(Stored entries)

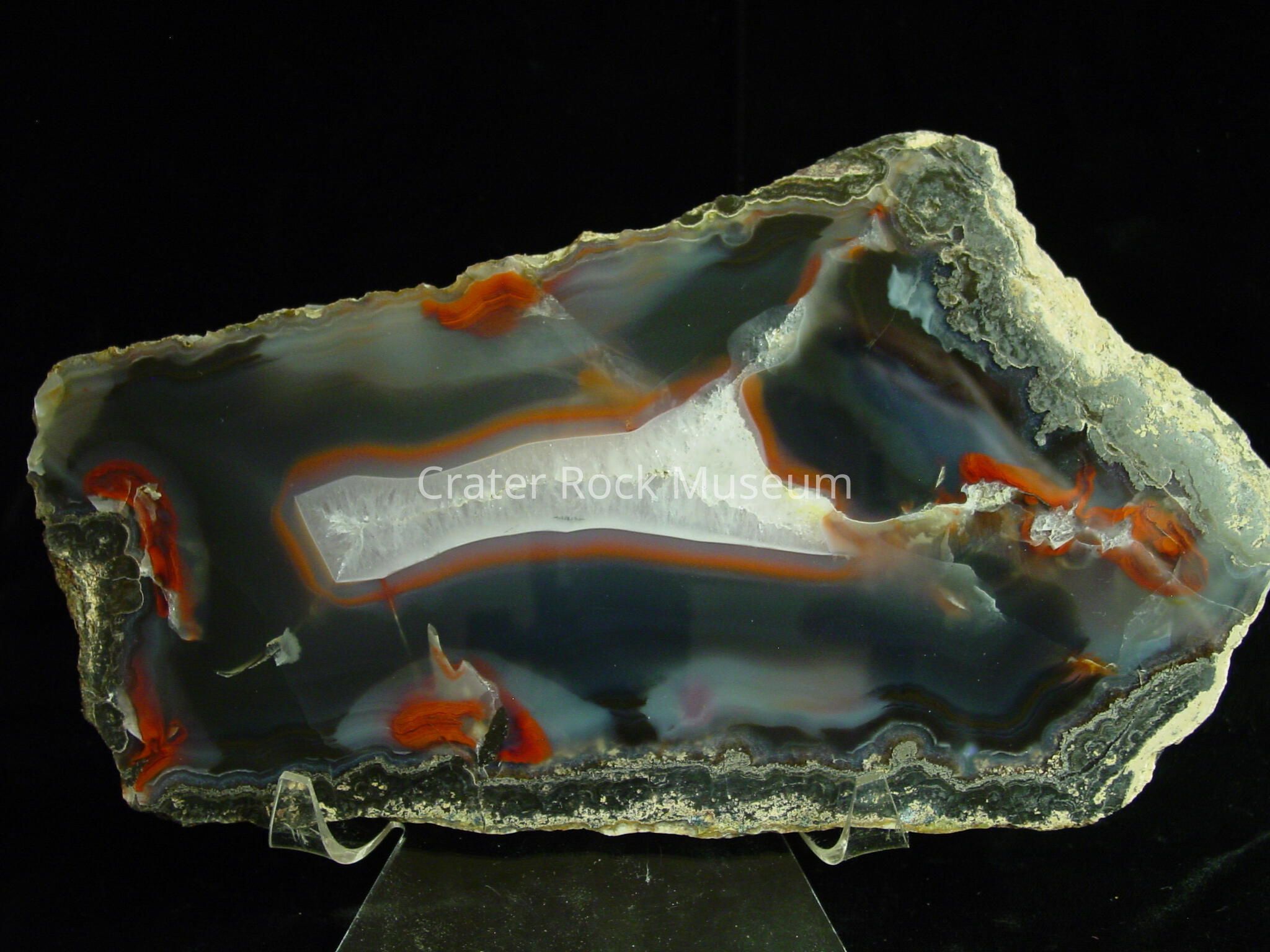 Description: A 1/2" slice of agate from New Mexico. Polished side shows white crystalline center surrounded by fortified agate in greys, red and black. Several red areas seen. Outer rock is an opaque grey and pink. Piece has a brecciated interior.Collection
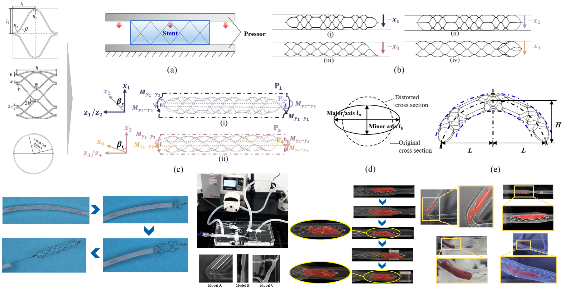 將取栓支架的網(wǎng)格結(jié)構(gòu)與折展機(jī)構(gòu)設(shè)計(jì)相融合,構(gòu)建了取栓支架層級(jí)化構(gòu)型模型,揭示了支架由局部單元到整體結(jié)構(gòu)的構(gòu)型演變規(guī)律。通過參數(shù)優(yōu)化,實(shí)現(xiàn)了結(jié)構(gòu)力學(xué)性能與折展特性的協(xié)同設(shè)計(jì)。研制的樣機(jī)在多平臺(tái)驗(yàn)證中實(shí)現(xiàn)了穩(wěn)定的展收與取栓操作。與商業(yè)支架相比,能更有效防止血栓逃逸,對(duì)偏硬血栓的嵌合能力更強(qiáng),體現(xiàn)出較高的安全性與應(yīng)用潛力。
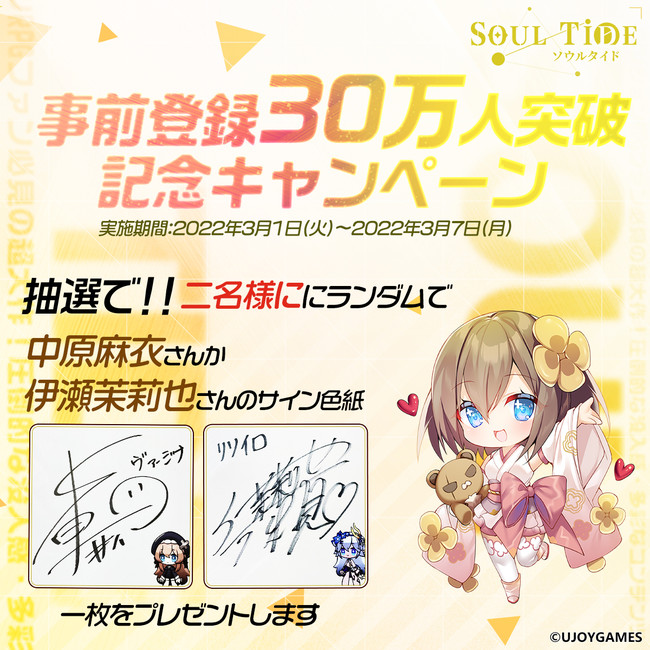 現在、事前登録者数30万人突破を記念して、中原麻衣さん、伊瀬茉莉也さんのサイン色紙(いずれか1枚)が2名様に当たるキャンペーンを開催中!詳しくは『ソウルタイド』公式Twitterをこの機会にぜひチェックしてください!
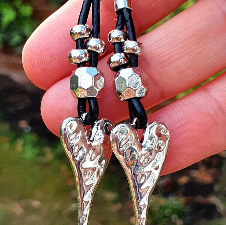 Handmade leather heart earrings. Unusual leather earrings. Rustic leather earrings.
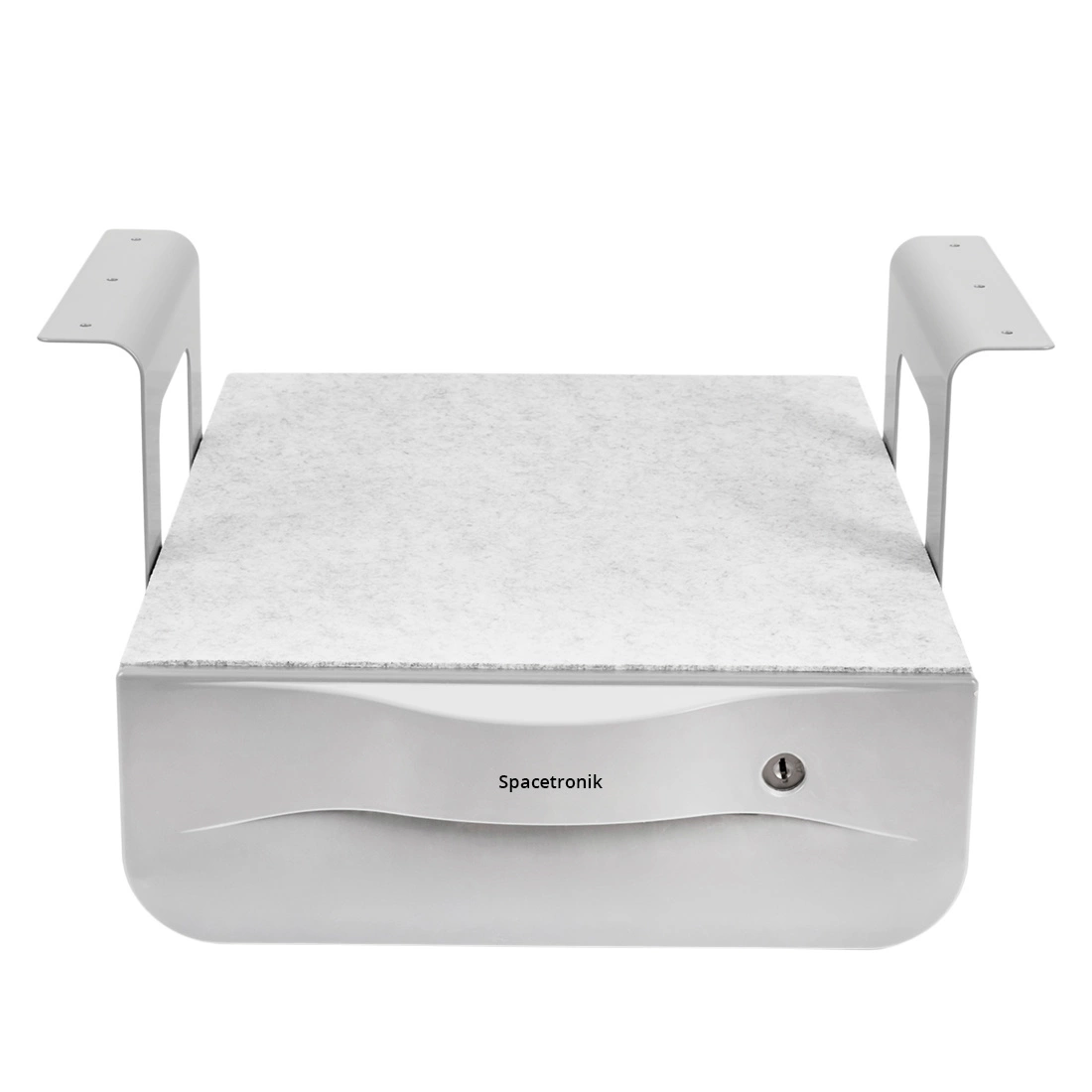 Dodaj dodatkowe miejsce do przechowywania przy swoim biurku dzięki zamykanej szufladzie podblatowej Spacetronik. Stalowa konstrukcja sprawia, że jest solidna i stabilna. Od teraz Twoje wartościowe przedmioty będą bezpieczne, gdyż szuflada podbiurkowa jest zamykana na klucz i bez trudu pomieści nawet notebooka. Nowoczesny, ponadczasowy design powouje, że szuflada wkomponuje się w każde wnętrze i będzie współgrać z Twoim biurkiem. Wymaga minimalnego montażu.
* * *
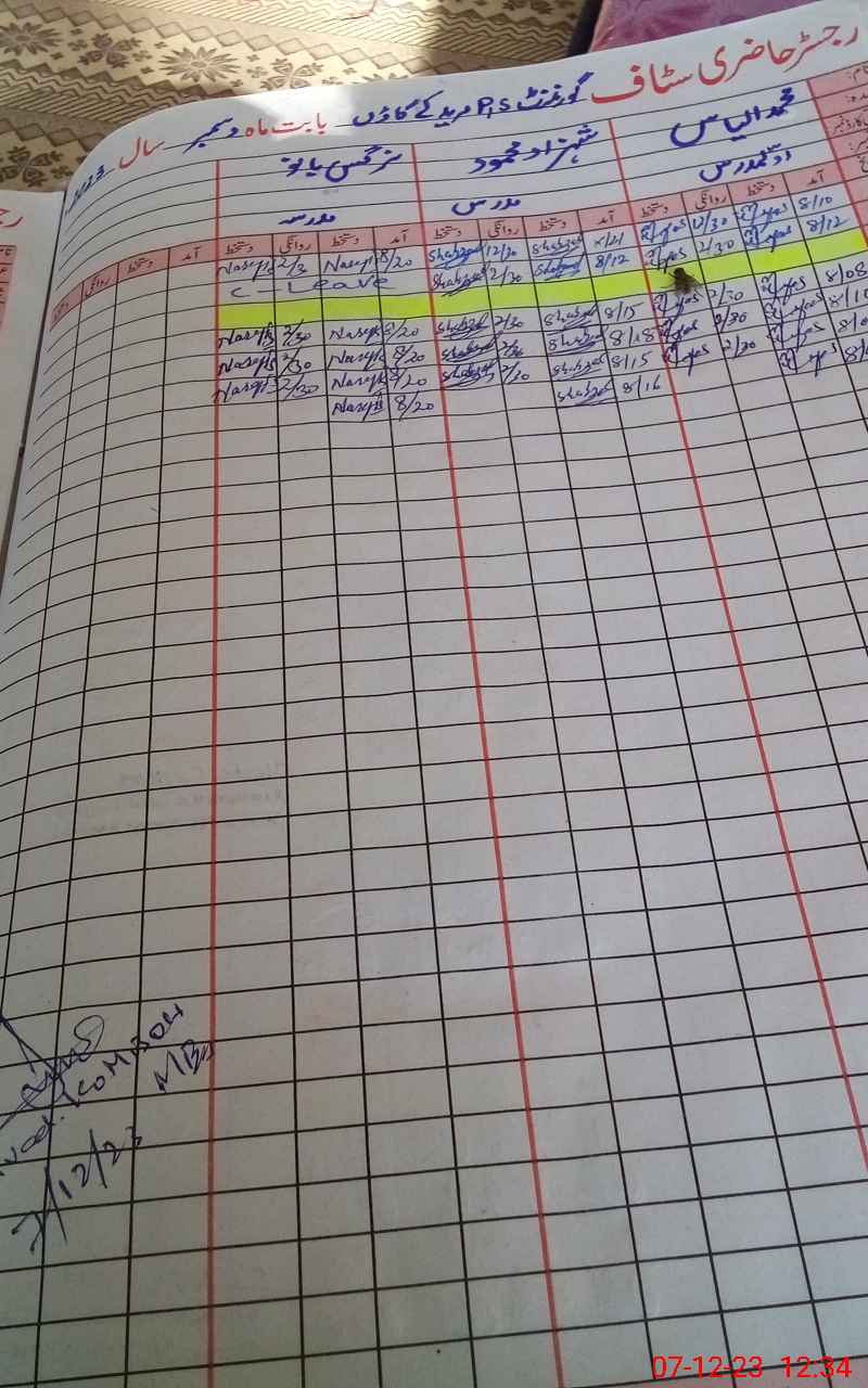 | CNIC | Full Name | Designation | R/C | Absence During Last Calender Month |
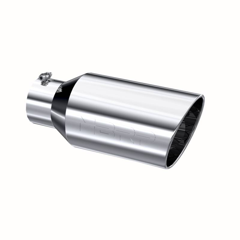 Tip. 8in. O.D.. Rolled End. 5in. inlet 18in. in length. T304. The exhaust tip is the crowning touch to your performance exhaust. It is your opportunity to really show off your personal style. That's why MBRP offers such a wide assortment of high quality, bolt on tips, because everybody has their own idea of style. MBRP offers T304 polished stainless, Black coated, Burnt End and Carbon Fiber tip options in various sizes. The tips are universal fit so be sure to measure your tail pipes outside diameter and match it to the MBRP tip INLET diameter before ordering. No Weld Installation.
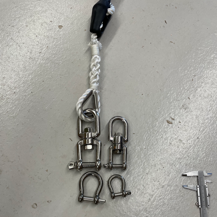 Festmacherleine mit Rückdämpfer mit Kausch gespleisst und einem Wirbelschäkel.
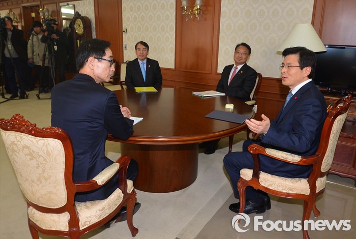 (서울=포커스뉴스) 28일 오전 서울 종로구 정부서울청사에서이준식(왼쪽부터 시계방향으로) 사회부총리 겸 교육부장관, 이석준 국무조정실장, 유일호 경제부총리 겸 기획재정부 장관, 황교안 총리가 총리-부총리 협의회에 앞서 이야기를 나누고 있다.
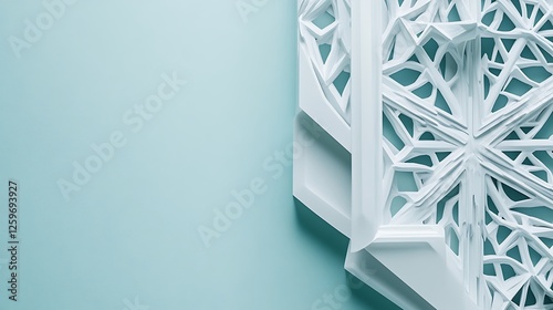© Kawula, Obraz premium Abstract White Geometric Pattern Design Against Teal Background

## What is required
What is needed is an exact copy of the lines above, from the one holding "Calender Month |" down to the one holding "Against Teal Background", with those two included and the pictures left out.

## Response to this task
 | CNIC | Full Name | Designation | R/C | Absence During Last Calender Month |
 Tip. 8in. O.D.. Rolled End. 5in. inlet 18in. in length. T304. The exhaust tip is the crowning touch to your performance exhaust. It is your opportunity to really show off your personal style. That's why MBRP offers such a wide assortment of high quality, bolt on tips, because everybody has their own idea of style. MBRP offers T304 polished stainless, Black coated, Burnt End and Carbon Fiber tip options in various sizes. The tips are universal fit so be sure to measure your tail pipes outside diameter and match it to the MBRP tip INLET diameter before ordering. No Weld Installation.
 Festmacherleine mit Rückdämpfer mit Kausch gespleisst und einem Wirbelschäkel.
 (서울=포커스뉴스) 28일 오전 서울 종로구 정부서울청사에서이준식(왼쪽부터 시계방향으로) 사회부총리 겸 교육부장관, 이석준 국무조정실장, 유일호 경제부총리 겸 기획재정부 장관, 황교안 총리가 총리-부총리 협의회에 앞서 이야기를 나누고 있다.
© Kawula, Obraz premium Abstract White Geometric Pattern Design Against Teal Background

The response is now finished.